CREATE TABLE [dbo].[Subscribers]( [ID] [uniqueidentifier] DEFAULT (newsequentialid()) NOT NULL PRIMARY KEY CLUSTERED, [FirstName] [char](10) NOT NULL, [LastName] [char](20) NOT NULL, [Job] [char](15) NULL, ) CREATE TABLE [dbo].[Subscribers_Main]( [ID] [uniqueidentifier] DEFAULT (newsequentialid()) NOT NULL PRIMARY KEY CLUSTERED, [FirstName] [char](10) NOT NULL, [LastName] [char](20) NOT NULL, [Job] [char](15) NULL, ) INSERT INTO [Subscribers] ( FirstName, LastName, Job ) VALUES ('Marcel', 'Patoulacci', 'A'), ('Bob', 'Robichais', 'B'); INSERT INTO [Subscribers_Main] ( FirstName, LastName, Job ) VALUES ('JP', 'Veedole', 'C')
SELECT * FROM Subscribers
ID FirstName LastName Job 24BEF86E-0660-E211-9EA0-1CC1DE741410 Marcel Patoulacci A 25BEF86E-0660-E211-9EA0-1CC1DE741410 Bob Robichais B
SELECT * FROM Subscribers_Main
ID FirstName LastName Job 9DBB1C2B-0760-E211-9EA0-1CC1DE741410 JP Veedole C
Creating an upsert procedure
The content of your procedure could look like this:
USE [UpsertDB] GO --Upsert from Subscribers to Subscribers_Main MERGE INTO dbo.Subscribers_Main AS T USING dbo.Subscribers AS S ON T.ID = S.ID -- When IDs are found in both tables -- Then we update Subscribers_Main -- with Subscribers rows WHEN MATCHED THEN UPDATE SET T.FirstName = S.FirstName, T.LastName = S.LastName, T.Job = S.Job -- When IDs are not in Subscribers_Main -- Then we insert into Subscribers_Main -- all missing Subscribers rows WHEN NOT MATCHED THEN INSERT ( ID, FirstName, LastName, Job ) VALUES ( S.ID, S.FirstName, S.LastName, S.Job );
Results and requirements
Keep in mind that you must force to insert IDs.

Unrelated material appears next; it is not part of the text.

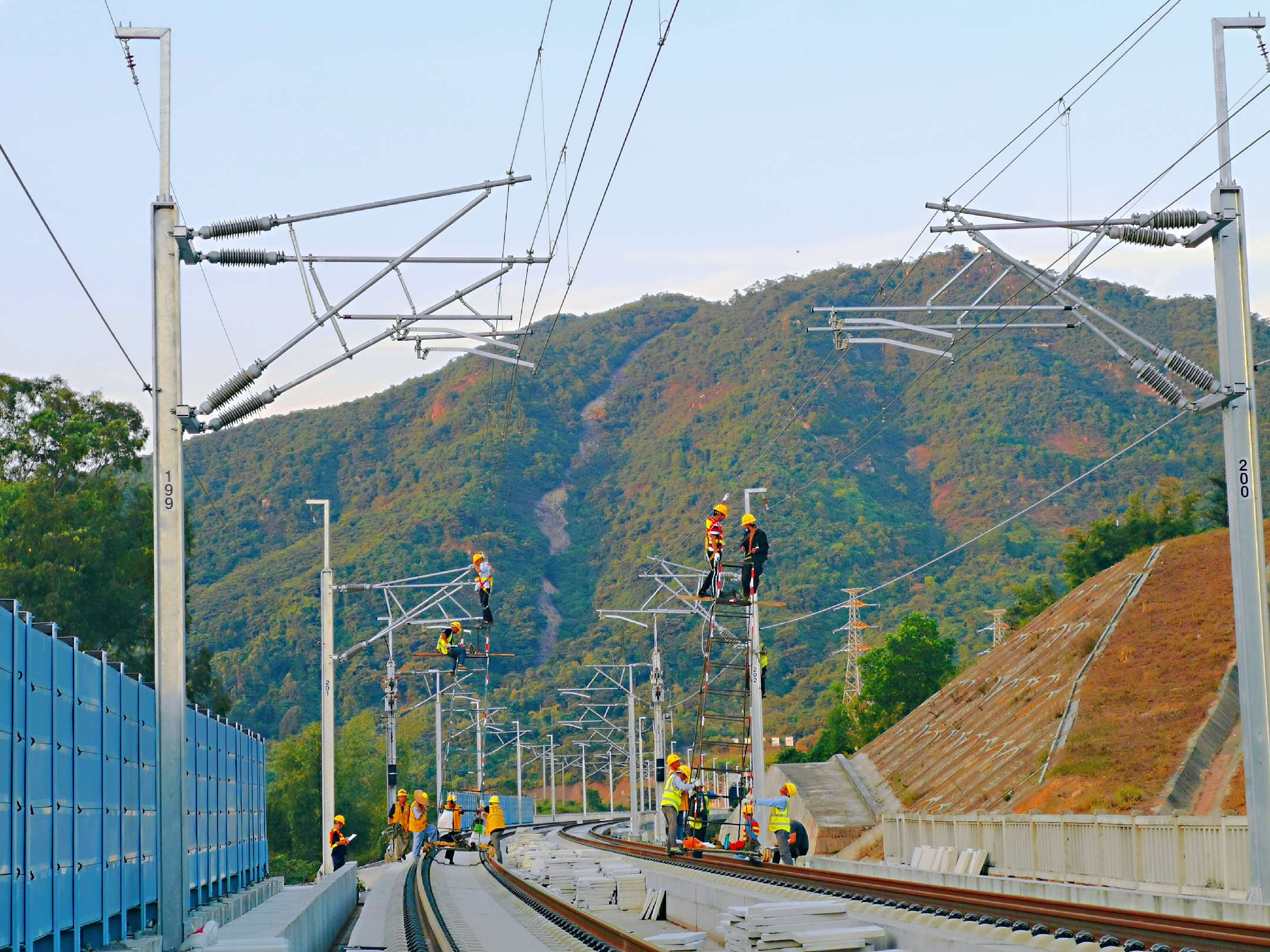 【香港商報網訊】5月9日,隨着廣州北站最後一個錨段接觸網懸掛調整完成,連接廣州市與清遠市的廣清城際鐵路接觸網工程實現全線貫通。此舉也標誌着由廣州地鐵集團運營管理的廣清城際即將吹響靜態驗收、聯調聯試的號角。

If you miss it, the ID column will generate a new ID by default, of course different the ID of the original table.
In this case you won’t be able to find the real new values next time and you take a risk of inserting several times the same values.
You can check this requirement by selecting the Subscribers_Main table:
ID FirstName LastName Job 24BEF86E-0660-E211-9EA0-1CC1DE741410 Marcel Patoulacci A 25BEF86E-0660-E211-9EA0-1CC1DE741410 Bob Robichais B 9DBB1C2B-0760-E211-9EA0-1CC1DE741410 JP Veedole C
and look at the result without insertion of IDs (ID values coming from the subscribers table are different than before because they are automatically generated during their insertion) :
ID FirstName LastName Job 9DBB1C2B-0760-E211-9EA0-1CC1DE741410 JP Veedole C E66CE936-0A60-E211-9EA0-1CC1DE741410 Marcel Patoulacci A E76CE936-0A60-E211-9EA0-1CC1DE741410 Bob Robichais B
Going further
Now you just have to implement your management rules for deletes and decide who is the winner if a row exists in the Subscribers table and not in the Subscribers_Main table.